Kenny Alexander, chief executive of Ladbrokes Coral operator GVC, said that despite the lack of increase in problem gambling it would continue to work on its tools to fight the issue.
“We welcome the finding from the UK Gambling Commission that there is no evidence to suggest an increase in problem gambling during the COVID-19 lockdown,” Alexander said. “Nevertheless, we remain committed to taking all necessary actions to keep our customers safe whilst they enjoy our products.
“Providing a robust safety net for those who may experience harm is particularly important during this unprecedented time of uncertainty and social restrictions. That is why we continue to enhance our tools to track problematic play so that we can proactively interact with any player if we see changes that suggest they are having problems.”
GVC said it has already taken action including the addition of two new Markers of Harm indicators to its safer gambling algorithm intended to review behaviour before and after isolation. In addition, the operator stepped up its communication with customers.

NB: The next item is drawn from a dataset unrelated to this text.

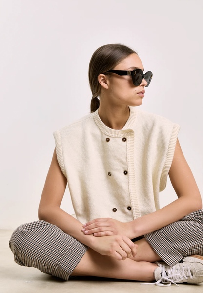 Think of it as the power piece you didn't know you needed: a sleeveless wool cardigan by Studio Clique loaded with quiet confidence. The double-breasted closure nods to classic tailoring, yet its soft knit keeps the mood effortless. It's that rare hybrid: structured enough for the boardroom, relaxed enough for Sunday coffee.The straight, relaxed fit allows for layering over shirts, blouses, or t-shirts.

Last month, Huddleston wrote to leading online gambling operators demanding regular updates on players' behaviour patterns during the novel coronavirus (Covid-19) pandemic.
In March, the Betting and Gaming Council announced a ten-point plan adopted by members to protect customers during the pandemic. BGC members also stopped all direct television and radio advertisement, replacing ads with responsible gambling messages.
This saw operators commit to making safer gambling messaging more prominent in advertising, and signposting links to services such as GamCare and its National Gambling Helpline. Operators will also be monitoring customer behaviour in order to react quickly to increases in time and spending.
These measures have been criticised by the Gambling Related Harm All Party Parliamentary Group, however, which dismissed them as being insufficient to actually provide a sensible level of player protection, or as rehashing existing commitments. The group has called for mandatory £50 daily deposit limits during the crisis.